Basic Function Security

Introduction

The aim of this chapter is to give you an understanding of the most fundamental security mechanisms of Azure Functions, or more specific, on how to use Function Access Keys.

Azure Function security in general is a much broader topic, which we can't possibly explain in its entirety in this training. That said, I strongly encourage you to read the whole documentation of Azure Functions security concepts after completing this chapter.

Commands in this chapter are to be executed in the Function App root directory unless stated otherwise.

Function Access Keys

As the name implies, Function Access Keys can be used to secure your functions in a manner where your requests must include an API access key in the request. Unless the HTTP access level on an HTTP triggered function is set to anonymous, that is.

They're good enough for trainings, demos, or development purposes but shouldn't be used in production.

Nevertheless they are the default security mechanisms Azure Functions provide and that's why we're learning about them. In fact, we already used Function Access keys back in Chapter 2.5, were we created a function with authorization level function, and they're also the reason why we created most of our functions with authorization level anonymous.

So, as you might have already guessed, authorization levels are coupled to access keys.

Possible authorization levels are:

  • anonymous: functions can be called without providing an API access key.
  • function: functions can be called providing an API access key of scope Function or Host.
  • admin: functions can be called providing an API access key of scope Admin.

Possible key scopes are:

  • Function: These keys apply only to the specific functions under which they're defined.
  • Host: These keys apply to all functions within the Function App (host-level).
  • Admin: Each Function App also has an admin-level host key. In addition to providing host-level access to all functions in the app, the master key also provides administrative access to the runtime REST APIs.
  • System: These keys are required by certain function extensions and the scope of system keys is determined by the extension, but it generally applies to the entire function app (host-level).

As a developer you'll most likely use authorization level function with either key scope Function or Host.

List Function App keys

Let's take a look at the keys our Function App provides:

az functionapp keys list --resource-group rg-functions-demo --name <APP_NAME>
Sample output 
{
  "functionKeys": {
    "default": "<some-default-key>"
  },
  "masterKey": "<some-master-key>",
  "systemKeys": {}
}

As you can see, there's only one function key and the master key so far.

Calling functions using keys

Let's call our settings function with using anonymous and the different keys.

Anonymous:

curl 'https://<APP_NAME>.azurewebsites.net/api/settings' -v

Using a key:

curl 'https://<APP_NAME>.azurewebsites.net/api/settings?code=<KEY>'

Using a anonymous call, the function response is 401 Unauthorized, whereas it works as expected if we provide the key.

🛠 TASK (optional): Verify the admin key access

Update the function.json of your settings function, and set the authorization level to admin instead of function.

Redeploy the Function App and try using the function key and the admin key for the call.

What're the results?

🎓 SOLUTION

Update the authLevel in the function.json (snippet):

{
  "bindings": [
    {
      "authLevel": "Admin",
      "type": "httpTrigger",
      "direction": "in",
      ...
    }
    ...
  ]
}

Redeploy with:

func azure functionapp publish <APP_NAME>

Summary: The function key, doesn't work anymore, whereas the admin key works as expected.

Function-specific keys

So far, we've used a host key or the admin key, where both can access all APIs of our Function App. But, as we've learned above, we can also create keys for specific functions.

Let's create one for our greetings function:

az functionapp function keys set --resource-group rg-functions-demo  --function-name greetings --key-name GreetingsKey --name <APP_NAME>
Sample output

Output (snippet):

{
  ...
  "name": "GreetingsKey",
  "resourceGroup": "rg-functions-demo",
  "type": "Microsoft.Web/sites/functions/keys",
  "value": "<your-new-key>"
}

If we list our keys again, we won't find the key we just created, because it's function-specific.

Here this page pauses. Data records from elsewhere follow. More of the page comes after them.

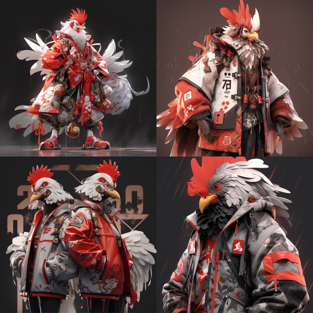 Midjourney Bot 更新时间:2023-09-01 12:43Chinese traditional zodiac, personified chicken, exaggerated fashion clothing, trendy accessories, realistic PVC textures, 3D art, 3D rendering, OC rendering, 3D models, blender rendering, NFT art, disruptive fiber art, color contrast and conflict, gray background, 32k, 3D characters, c4d --s 180 --ar 1:1 --niji 5
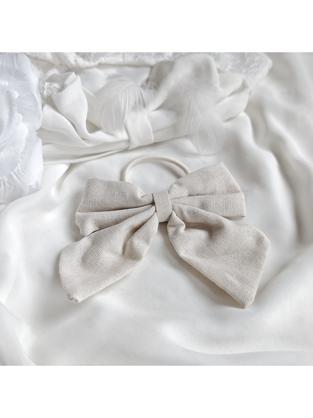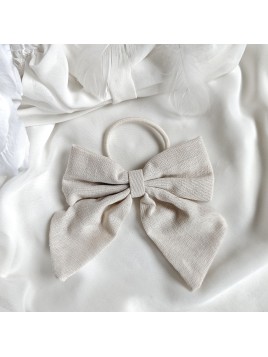 Gumka do włosów w kolorze beżowym i kremowym z kokardą to praktyczny dodatek do codziennych fryzur.
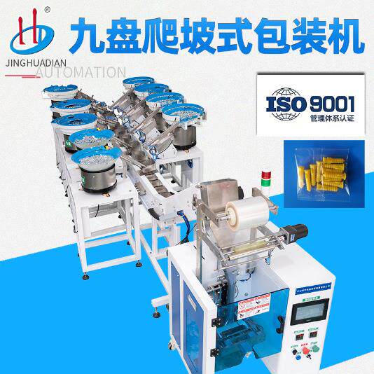 自动多盘爬坡式五金包装机家具配件螺丝包装机塑胶件立式包装机
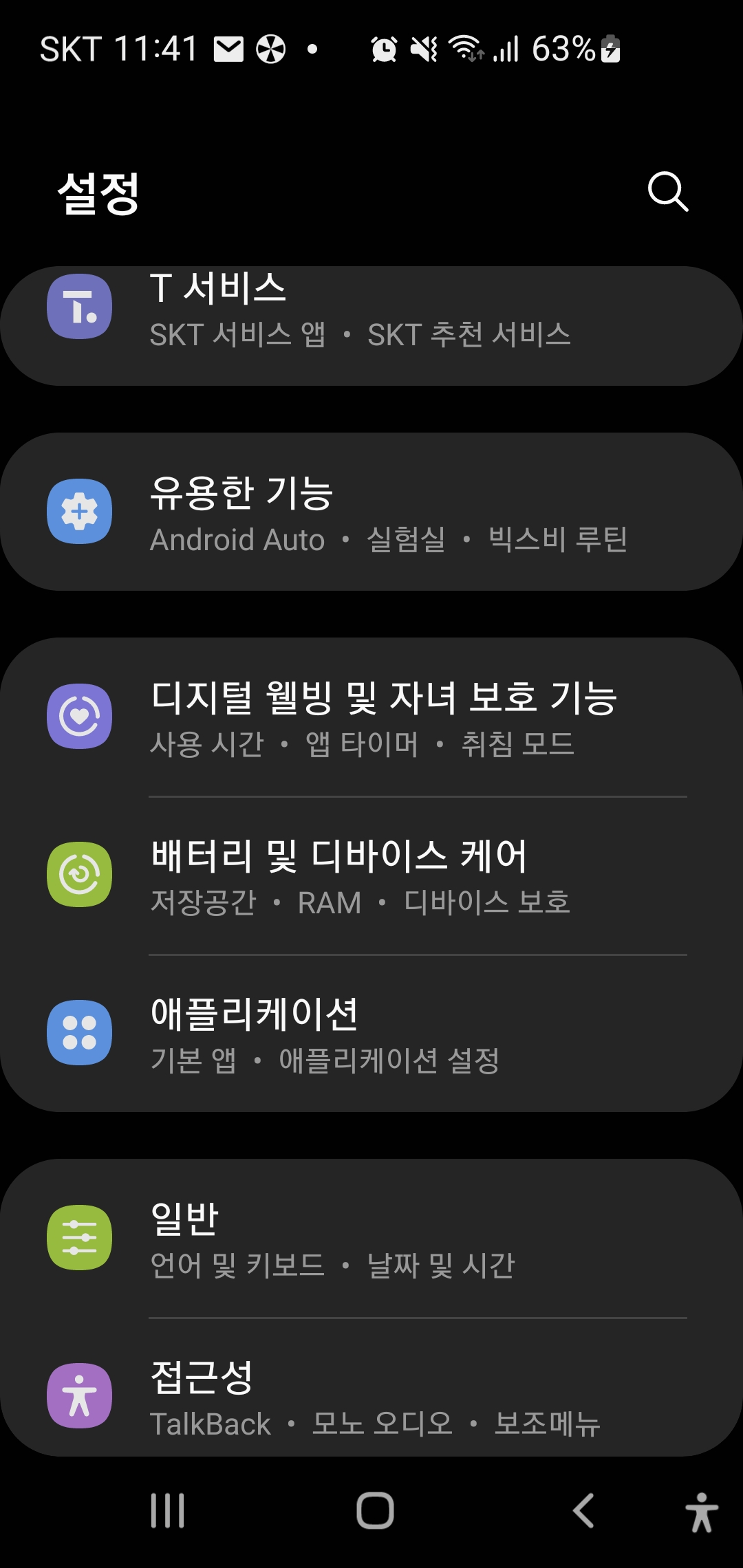 1. '설정'앱을 수행 후, 화면 메뉴

We need to use the function specific command to list the keys for a function.

az functionapp function keys list --resource-group rg-functions-demo --function-name greetings --name <APP_NAME>

Note: We use az functionapp keys list ... for the Function App, but az functionapp function keys list ... for a specific function. The keys using the first command have the Host scope, the keys using the second command have the Function scope.

🛠 TASK (optional): Verify the function scope access

This task contains of three easy questions.

  1. Using the function key, we just created, can you access the greetings function with it?
  2. Using the function key, we just created, can you access the settings function with it?
  3. Can you still access the greetings function with the function key if you set its authorization level to admin?
🎓 SOLUTION

Question 1: Calling the greetings function with the key it works as expected and results in a 200 OK. The function should be anonymous right now, so it doesn't care about the key at all.

Question 2: As one would expect it results in 401 Unauthorized. Again nothing unexpected because the key is not valid for the settings function.

Question 3: This results in 401 Unauthorized because a function with authorization level admin can only be called using the master key.